Following his retirement from Milan in 2002, Martini focused his interests on biblical studies, Catholic-Jewish dialogue and praying for peace in the Middle East. When my superiors assigned me to Scripture studies in Rome, and then Jerusalem, I began to appreciate Martini’s immense contribution to the biblical world. It was always a thrill when he would come to visit us at the Biblicum, celebrate Mass with the students and give an afternoon lecture in the Aula Magna. He walked in wearing a simple black cassock and small pectoral cross. With no notes in hand and only a copy of The Greek New Testament, he taught us how to lead lectio divina sessions with young people, and the following year lectured us on the importance of textual criticism, one of the deadliest topics in Scripture studies. From that point on, he made the topic not only interesting but also necessary.

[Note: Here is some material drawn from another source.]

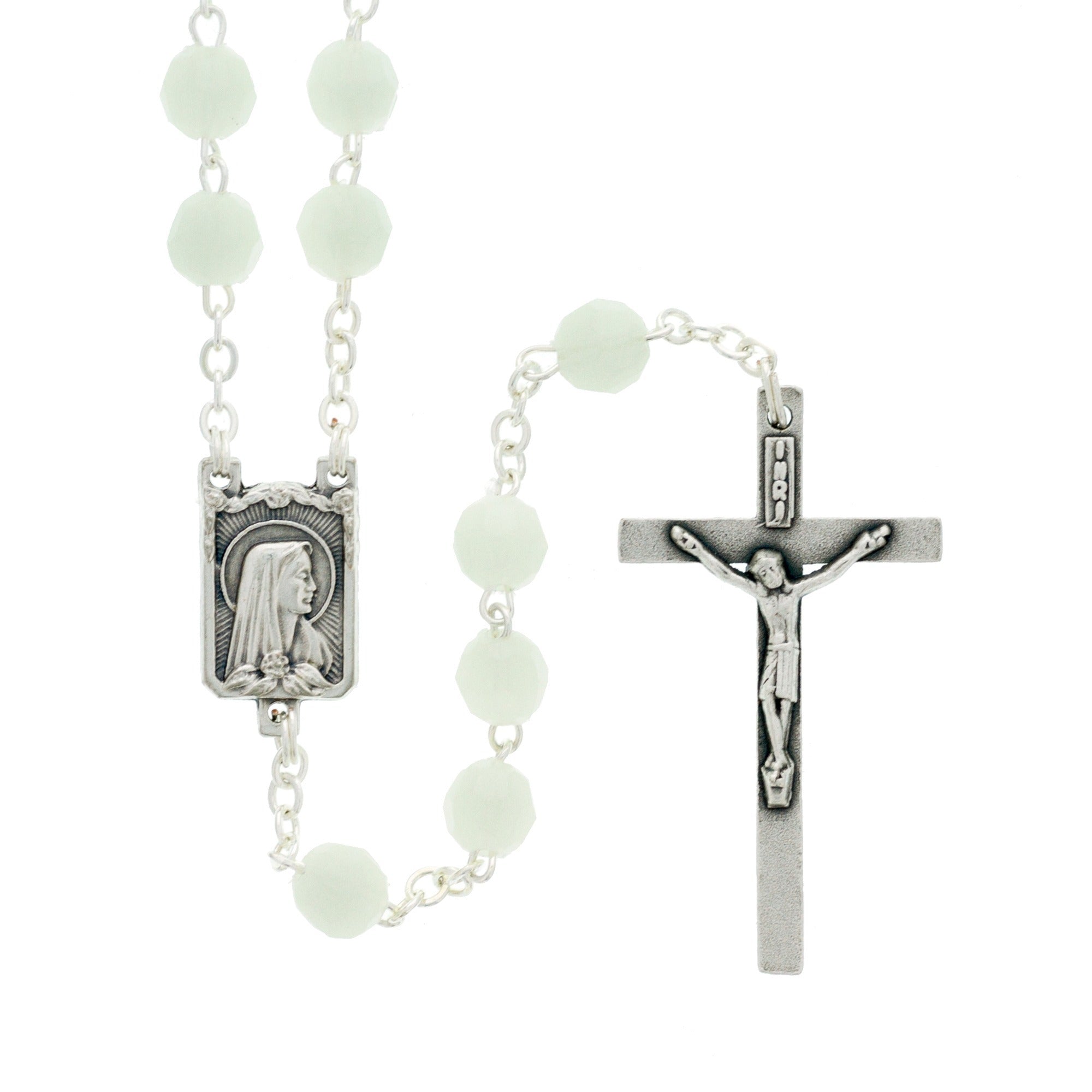 This lovely rosary features glow-in-the-dark beads, which makes it easy to find if you keep one by your bedside and happen to drop it during the night. Has a reverent crucifix and a Marian silhouette centerpiece.

In one of his later books, Il Vescovo (“The Bishop”), published by Rosenberg and Sellier in 2011, Martini considers the delicate subject of authority within the Church. He presents readers with two intriguing portraits representing the opposite faces of authority: a rigid one that is incapable of listening, and one that is inspired by the Word of God, taking into consideration the human person.
A bishop is a pastor of men and of souls. He has a huge responsibility because he is the heir to the apostolic tradition; he is the spiritual guide of the Church, the diocese that unites parishes and communities of Christian faithful. If his role is limited to that of authority, neglecting his pastoral task of educating and testifying the Gospel as a humble servant of the Lord’s Church, his real role ceases, becoming instead a role of ecclesiastical authority that is neither prophetic nor linked to a genuine evangelical dimension.
What struck so many who knew Cardinal Martini in his later years, even more than his writing and lectures, was the way in which he dealt with his illness. Though his body was riddled with Parkinson’s disease, he continued to publish books, offer spiritual reflections and answer readers’ questions in a monthly column he wrote, until only a few months ago, for the Sunday edition of Corriere della Sera, one of Italy’s most important newspapers. He lived out his suffering in the public eye, bonding and connecting with those living with and suffering from Parkinson’s.
Martini refused to have a nasogastric tube inserted to feed him. He had not been able to swallow for 15 days and was only being kept alive through parenteral hydration. He had reiterated his position in his last book, Credere e conoscere (“Believing and Knowing”), published by Einaudi last March. Here he appealed to reason, even on the subject of euthanasia: “The new technologies, which make increasingly efficient operations on the human body possible, require a dose of wisdom, to prevent prolonging treatments when they no longer benefit the patient.”
Cardinal Martini lived out his episcopal ministry as a bishop of the Second Vatican Council, one who was honest, just, fair and unafraid. He constantly called forth goodness in other people. This great man was able to communicate not just with the faithful but also with people who were far from the faith, bringing the message of the Gospel to everyone. He taught us not to be afraid of dialogue and to reach out. He reminded us that under the smoldering ashes of a Church that is, at times, tired and discouraged, burdened with history and traditions, there are still embers waiting to be fanned into flame.
Carlo Maria Martini SJ, cardinal and biblical scholar, born 15 February 1927, Turin; died 31 August 2012, Gallarate, Italy.